▶ WHAT THIS TASK INVOLVES
Once you find the line with "In the administrator" in the data that follows, repeat it and every line after it exactly, through the line with "questo è l'avvitamento".
[DATA]
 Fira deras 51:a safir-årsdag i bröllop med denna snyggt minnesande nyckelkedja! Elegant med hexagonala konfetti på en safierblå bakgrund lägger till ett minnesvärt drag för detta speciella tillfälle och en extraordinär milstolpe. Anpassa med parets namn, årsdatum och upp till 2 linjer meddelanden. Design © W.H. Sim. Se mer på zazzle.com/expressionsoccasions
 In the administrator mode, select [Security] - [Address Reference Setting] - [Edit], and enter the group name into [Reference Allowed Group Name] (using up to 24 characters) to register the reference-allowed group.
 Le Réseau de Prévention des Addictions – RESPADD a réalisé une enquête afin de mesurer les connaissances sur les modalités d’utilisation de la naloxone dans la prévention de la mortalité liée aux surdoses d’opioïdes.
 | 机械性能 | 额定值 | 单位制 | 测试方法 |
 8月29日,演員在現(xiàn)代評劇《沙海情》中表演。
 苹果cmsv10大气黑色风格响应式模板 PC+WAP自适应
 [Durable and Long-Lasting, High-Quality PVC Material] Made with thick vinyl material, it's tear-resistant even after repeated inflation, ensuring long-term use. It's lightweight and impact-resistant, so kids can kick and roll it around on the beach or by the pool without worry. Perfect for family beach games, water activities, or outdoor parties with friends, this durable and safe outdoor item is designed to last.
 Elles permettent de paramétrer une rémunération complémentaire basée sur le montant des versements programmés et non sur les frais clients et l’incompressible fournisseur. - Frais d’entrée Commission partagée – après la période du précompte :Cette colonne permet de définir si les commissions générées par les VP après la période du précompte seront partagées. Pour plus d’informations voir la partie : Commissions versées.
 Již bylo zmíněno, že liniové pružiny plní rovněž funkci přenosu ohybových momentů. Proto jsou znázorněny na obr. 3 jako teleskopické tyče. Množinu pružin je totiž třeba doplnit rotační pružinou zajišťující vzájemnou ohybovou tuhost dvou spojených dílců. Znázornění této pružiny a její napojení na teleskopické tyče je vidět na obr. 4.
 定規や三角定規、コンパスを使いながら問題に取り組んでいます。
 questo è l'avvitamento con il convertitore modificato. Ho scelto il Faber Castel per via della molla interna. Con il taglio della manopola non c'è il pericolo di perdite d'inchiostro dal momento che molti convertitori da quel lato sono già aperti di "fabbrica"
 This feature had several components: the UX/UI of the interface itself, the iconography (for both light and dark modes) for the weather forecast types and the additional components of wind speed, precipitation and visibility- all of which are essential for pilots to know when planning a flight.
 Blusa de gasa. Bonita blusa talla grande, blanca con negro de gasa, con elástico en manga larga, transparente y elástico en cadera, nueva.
[/DATA]
▶ THE ANSWER
 In the administrator mode, select [Security] - [Address Reference Setting] - [Edit], and enter the group name into [Reference Allowed Group Name] (using up to 24 characters) to register the reference-allowed group.
 Le Réseau de Prévention des Addictions – RESPADD a réalisé une enquête afin de mesurer les connaissances sur les modalités d’utilisation de la naloxone dans la prévention de la mortalité liée aux surdoses d’opioïdes.
 | 机械性能 | 额定值 | 单位制 | 测试方法 |
 8月29日,演員在現(xiàn)代評劇《沙海情》中表演。
 苹果cmsv10大气黑色风格响应式模板 PC+WAP自适应
 [Durable and Long-Lasting, High-Quality PVC Material] Made with thick vinyl material, it's tear-resistant even after repeated inflation, ensuring long-term use. It's lightweight and impact-resistant, so kids can kick and roll it around on the beach or by the pool without worry. Perfect for family beach games, water activities, or outdoor parties with friends, this durable and safe outdoor item is designed to last.
 Elles permettent de paramétrer une rémunération complémentaire basée sur le montant des versements programmés et non sur les frais clients et l’incompressible fournisseur. - Frais d’entrée Commission partagée – après la période du précompte :Cette colonne permet de définir si les commissions générées par les VP après la période du précompte seront partagées. Pour plus d’informations voir la partie : Commissions versées.
 Již bylo zmíněno, že liniové pružiny plní rovněž funkci přenosu ohybových momentů. Proto jsou znázorněny na obr. 3 jako teleskopické tyče. Množinu pružin je totiž třeba doplnit rotační pružinou zajišťující vzájemnou ohybovou tuhost dvou spojených dílců. Znázornění této pružiny a její napojení na teleskopické tyče je vidět na obr. 4.
 定規や三角定規、コンパスを使いながら問題に取り組んでいます。
 questo è l'avvitamento con il convertitore modificato. Ho scelto il Faber Castel per via della molla interna. Con il taglio della manopola non c'è il pericolo di perdite d'inchiostro dal momento che molti convertitori da quel lato sono già aperti di "fabbrica"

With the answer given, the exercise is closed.